Alagna, parfait Otello des dédales vénitiens

Otello

Roberto Alagna (Otello) et Aleksandra Kurzak (Desdemona) (Photo: Charles Duprat / Opéra national de Paris)

Otello, opéra en quatre actes de Giuseppe Verdi sur un livret de Arrigo Boito d’après Othello ou le Maure de Venise de William Shakespeare. Créé au Teatro alla Scala de Milan, le 5 février 1887. Représentation par L’Opéra national de Paris à l’Opéra Bastille le 13 mars 2019.

Otello: Roberto Alagna
Jago: George Gagnidze
Cassio: Frédéric Antoun
Roderigo: Alessandro Liberatore
Lodovico: Paul Gay
Montano: Thomas Dear
Desdemona: Aleksandra Kurzak
Emilia: Marie Gautrot

Orchestre et Chœurs de l’Opéra national de Paris
Direction musicale: Bertrand de Billy
Mise en scène: Andrei Șerban

Musique:
Mise-en-scène:

Dans la continuité des festivités qui marquent son trois cent cinquantième anniversaire, l’Opéra de Paris a repris cette année la belle production d’Otello mise en scène par Andrei Serban. Loin des extravagances noires que proposait Calixto Bieto pour Simone Boccanegra quelques mois plus tôt, l’avant-dernier opéra de Verdi est ici subtilement contextualisé, avec un décor dont la richesse tient autant à son évocation des rives vénitiennes qu’à la symbolique du voile. Un pan de mur creusé d’arcades à demi-orientales suffit à planter la « porte de l’Orient » qu’a longtemps été Venise, maîtresse de la Mer Méditerranée au Bas Moyen Âge et à la Renaissance, à l’époque où se place le drame.

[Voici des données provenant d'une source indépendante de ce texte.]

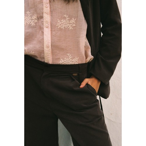 Draag de Marion blouse op een lichte pantalon of travelbroek.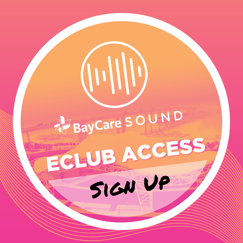 For exclusive access sent directly to your email or phone, sign up for show pre-sales, special offers + more with The BayCare Sound's FREE eClub!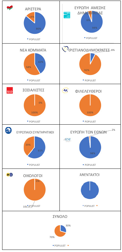 Σε ποιες όμως πολιτικές ομάδες ανήκουν τα λαϊκιστικά κόμματα;. Τα παρακάτω διαγράμματα δείχνουν το ποσοστό που κατέχουν οι λαϊκιστές στις διάφορες πολιτικές ομάδες.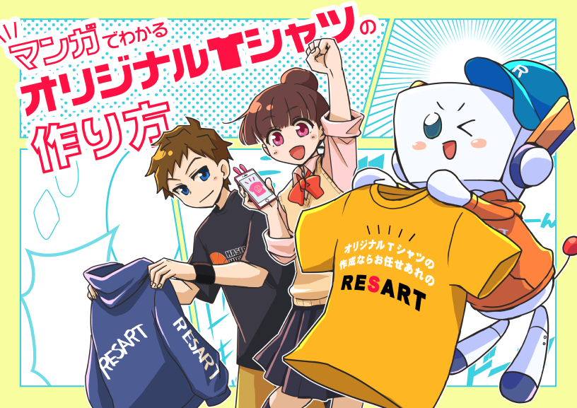 オリジナルTシャツの見積もりの依頼からご注文手続きまでの流れを分かりやすくマンガにしました。 『アイテムを選ぶ』から『商品お届け』までの5つのステップを1話ごとにわけてありますのでわかりやすくなってます。 ぜひご覧ください!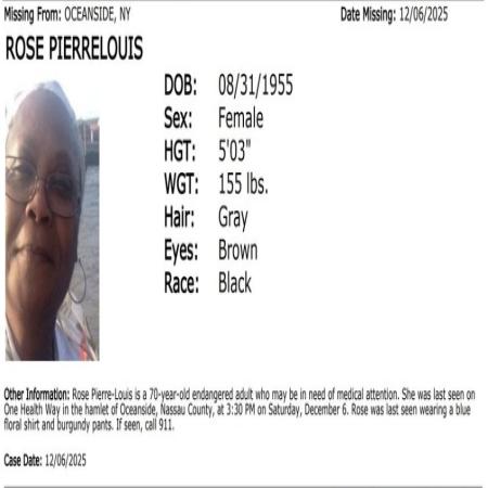 Rose Pierrelouis, F/B/70 from Oceanside, NY. Rose was last seen on One Health Way in the hamlet of Oceanside. The missing may be in need of medical attention.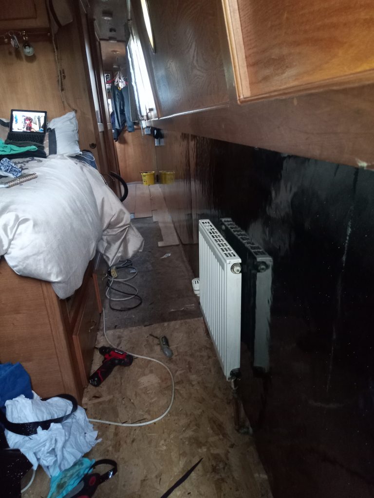 From stern door looking in through. New cover on the gunwale. New bed Hight. The radiator has been painted black. The floor cover still needs to go down. After that the skirting boards can go back.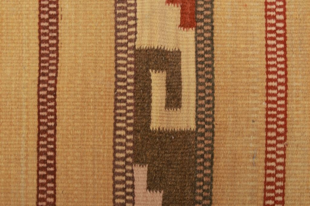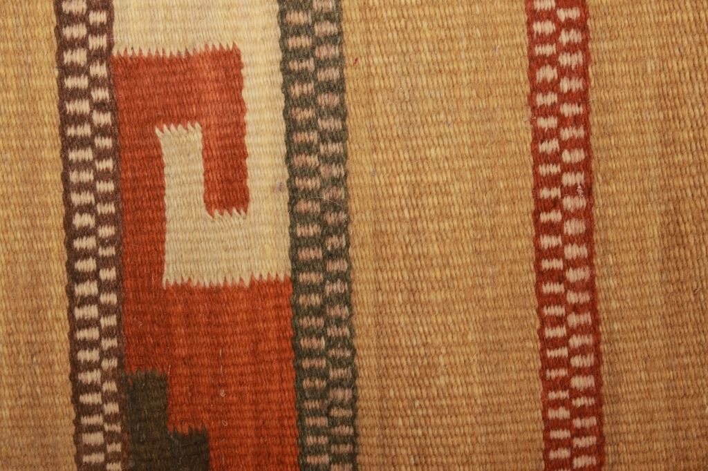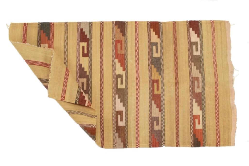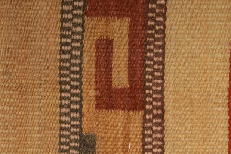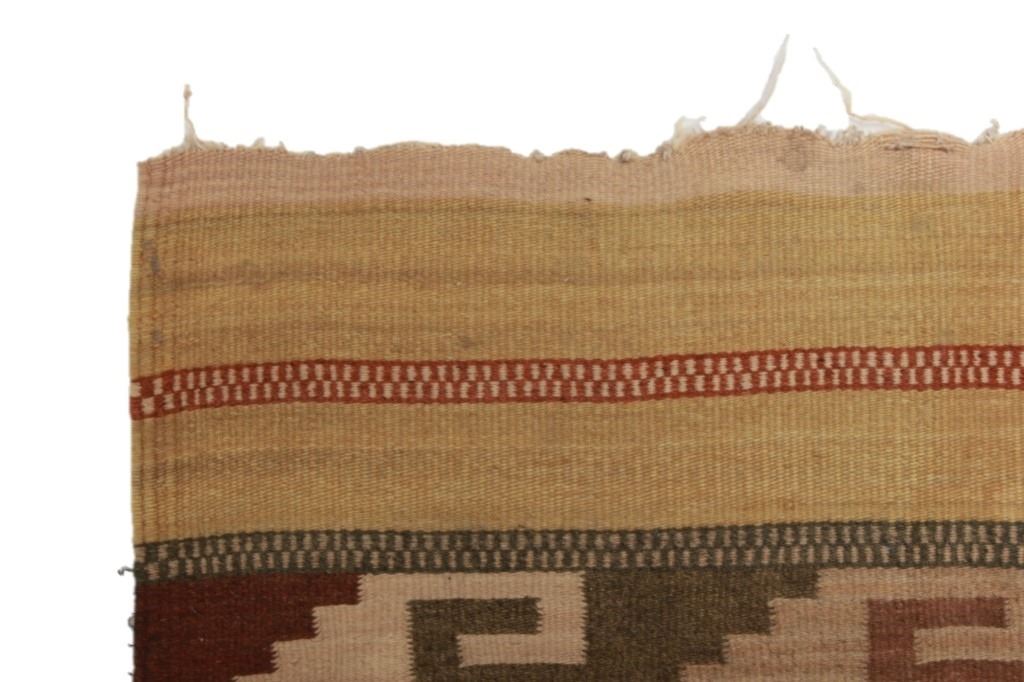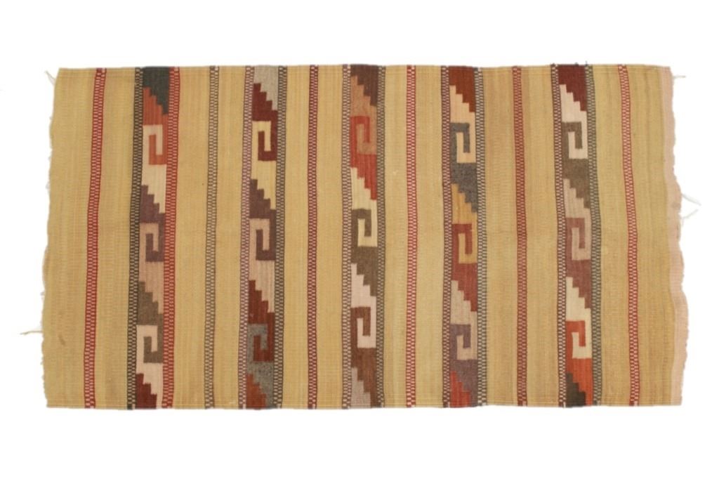 Featured in this lot is this tightly woven, Zapotec, stepped mesa design Saltillo rug, circa 1940's. This really fine, tightly woven rug shows a field of mustard yellow with bands of stepped geometric patterns and mesa bands throughout. Zapotec rugs are wool-woven in a foot loom in Teotitlan del Valle, Oaxaca. The town has a pre-Hispanic weaving tradition and is world famous for its fine tapestries and wall hangings decorated with traditional Zapotec and Mixtec fretwork, idols, animals, or reproductions of famous creations by artists like Diego Rivera, Pablo Picasso, and M.C. Esher. The condition of this rug is fair, with the fringe showing wear consistent with the age of the rug. The measurements of this rug are 56" x 29".

D’un acte à l’autre, chaque fois orienté différemment, ce pan reste, suggérant un intérieur ou une place publique, tout en donnant une grande unité visuelle au spectacle. Des voiles flottent sur scène, symbolisant tantôt le secret d’amours interdits, le navire qui valdingue dans la baie de Venise, l’intimité du pouvoir du Doge à la recherche d’une vérité qu’il ne peut pas saisir ou la sensualité de Desdemona, et annoncent le linceul de la mort prochaine.
Le drame s’accélère, tandis que le jour alterne avec des nuits au ciel violet. Un palmier perché au-dessus des protagonistes suggère la torpeur méridionale, dont les relents fiévreux s’emparent des personnages.

Dans cet élégant décor, Roberto Alagna campe un Doge particulièrement héroïque.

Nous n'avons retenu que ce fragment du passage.